Wait … sorry. That was my advice to someone else who got caught lying. In your case, I’d suggest going with something like “Dr. Ridker’s study subjects didn’t have nearly as many heart attacks as our risk calculator predicted because he accidentally studied unusually healthy people.”
The chairmen of the guidelines panel said they believed the three populations Dr. Ridker and Dr. Cook examined were unusually healthy and so their heart attack and stroke rates might be lower than expected.
Anyway, the New York Times article goes on to explain that under the new guidelines, “your average healthy Joe” would end up being told to take statins. And that’s why, in spite of my initial anger over your brazen attempt to sell more statins, I’m now writing to thank you.
What prompted my change of heart (pun intended) was receiving an email from someone who liked one of my old blog posts – the one in which I thanked the USDA for giving my kids a competitive advantage in life by ordering schools to serve crappy grain-based meals to the other kids and thus suppress their brain development. That in turn got me thinking about the movie Idiocracy, in which a soldier with an average IQ participates in a botched experiment and wakes up hundreds of years later to discover that he’s now the smartest guy on the planet.

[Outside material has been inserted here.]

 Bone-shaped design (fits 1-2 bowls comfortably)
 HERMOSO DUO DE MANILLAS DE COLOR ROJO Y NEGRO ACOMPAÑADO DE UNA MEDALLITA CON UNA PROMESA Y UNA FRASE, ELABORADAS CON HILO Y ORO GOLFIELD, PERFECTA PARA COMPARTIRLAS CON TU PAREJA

That’s when I realized how much your new guidelines will benefit me personally. You see, as a software programmer, I’m what’s known as a “knowledge worker.” My livelihood depends entirely on my ability to memorize, conceptualize, and think my way through complex problems. In my field, experience is considered a major asset, largely because solving a software problem often involves recalling how we solved a similar problem in the past. It’s no coincidence that most of the other programmers I work with are in their 40s or 50s.
So as I was chuckling to myself about a couple of the scenes in Idiocracy, it occurred to me: How much more valuable would I be if my fellow programmers all started taking statins and became a bit stupid? Give them a few years on a high dose of Lipitor, and I daresay I could triple my billing rate. I’d be the only one remaining with enough cognitive ability to tackle the really tough assignments.
I could probably even get away with relaxing my programming standards. Since I’m not a government contractor, I test and test and test the software I design before rolling it out – partly because I’m persnickety by nature, but largely because in private industries, people who launch mission-critical software systems that crash and burn tend to get fired. But if your new treatment guidelines convince everyone over age 45 to start taking statins, I’m pretty sure I could avoid the blame for any lousy software I created. I suspect the conversations would go something like this:
“The foreign incoming royalties module of the payment distribution system keeps crashing! Did you write that module?”
“Well, I … uh … No, sir. It was Crockett.”
“Did you write the foreign incoming royalties module?”
“Uh … I don’t remember. Maybe.”
“Well, fix it!”
“But I don’t remember the logic.”
“Well, damnit, get Naughton to help you.”
“If I’m going to help Crockett fix the mess he made, I’m going to need another bump in my billing rate.”
“Yeah, yeah, okay. Just promise you won’t quit.”
So while I know providing me with job security wasn’t your intention, I’m grateful nonetheless.
By the way, would it be possible for you to convince the federal government to subsidize statins and provide them to needy people in the developing world, sort of like the USDA does with grains? It would be awesome to know I won’t lose my programming gig to some guy in India.